Karen Bradley's office silent on Stormont chiefs' RHI plans
SECRETARY of State Karen Bradley's officials were unable to say yesterday whether she will bring legislation through Westminster to enact Stormont civil servants' plans to further slash RHI payments.
The Department for the Economy (DfE) announced on Tuesday its proposals for the future of the Renewable Heat Incentive – the scandal-hit scheme which led to the collapse of the devolved government.
Under the plans, new tariffs would bring huge cuts to subsidies paid out for small and medium-sized biomass boilers.
Rates were cut in 2017 as a temporary measure before the assembly's collapse, but the proposals would further reduce annual subsidy levels for the most common type of boiler from around £13,000 to just over £2,000.

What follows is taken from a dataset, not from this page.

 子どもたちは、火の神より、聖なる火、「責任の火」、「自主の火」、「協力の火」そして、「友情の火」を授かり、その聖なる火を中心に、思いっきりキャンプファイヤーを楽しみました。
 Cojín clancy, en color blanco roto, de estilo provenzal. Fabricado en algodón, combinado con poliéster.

A voluntary buy-out option would also be offered to those with low usage or higher than average capital costs that would lead to a low rate of return.
DfE hopes the new regulations can come into effect from April 1, but the changes require legislation as the current regulations expire next month.

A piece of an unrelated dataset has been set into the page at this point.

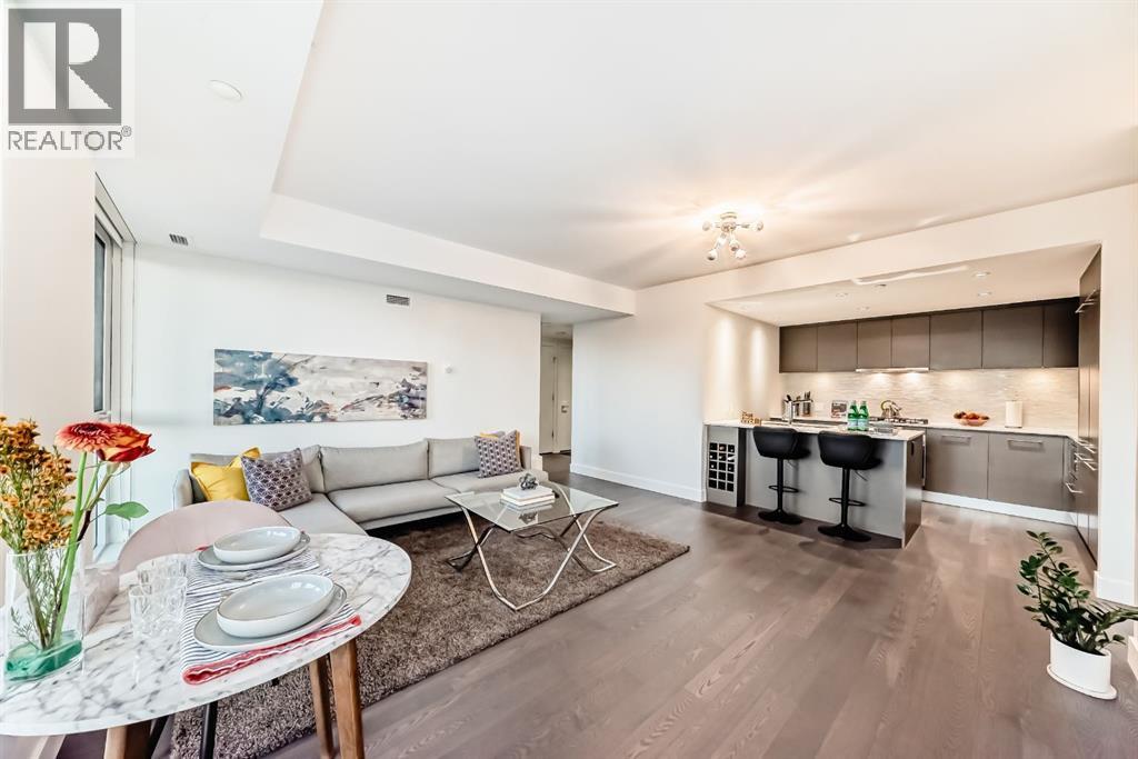 Welcome to this breathtaking 2-bedroom, 2-bathroom residence featuring an award-winning floor plan and unbeatable views from every corner. Step onto your west-facing balcony and take in stunning sunsets overlooking the Bow River and mountains.Inside, you’ll find upgraded engineered hardwood floors and a chef-inspired kitchen complete with a panelled fridge, built-in oven, microwave, and a massive island—perfect for entertaining. The spacious living room includes a cozy nook, while the primary suite offers a generous walk-in closet and a luxurious ensuite with double vanity, soaker tub, and standing shower. The secondary bedroom is ideal for kids, guests, or a home office, with the second bathroom upgraded to a full standing tiled shower.This quiet, non-smoking, pet-free unit is in immaculate condition and comes with in-suite laundry, a titled underground parking stall, and a titled storage unit.Building amenities include:24hr concierge & securityDog wash station & bike workshop in the parkade11 visitor parking stallsDaily professional maintenance & cleaningFitness centre and elegant lobbyMostly resident-owned units (no short-term/Airbnb rentals allowed)Located just a 3-minute walk to the Bow River pathways and 5 minutes to the Downtown West-Kerby C-Train station, you’ll enjoy quick access to downtown, dining, shopping, and parks.This is the perfect blend of luxury, lifestyle, and location. (id:6769

In Stormont's absence, departmental officials have written to the Northern Ireland Office requesting that Ms Bradley legislates at Westminster.
The NIO did not respond yesterday to requests for a comment.
Launched in 2012, the non-domestic RHI scheme was aimed at encouraging businesses to switch to more sustainable heating.
But the subsidies were worth more than the cost of wood pellets, encouraging firms to 'burn to earn'.
Delays in introducing cost controls also brought a spike in applications – pushing the multi-million-pound scheme hugely over budget.
A public inquiry was launched and its chair Sir Patrick Coghlin is expected to deliver his conclusions later this year.
RHI recipients have said reduced tariffs have led to major cash flow issues.
The Ulster Farmers' Union yesterday expressed outrage at the plans, saying they will "devastate farmers who are already struggling under the current reduced RHI tariff schedule".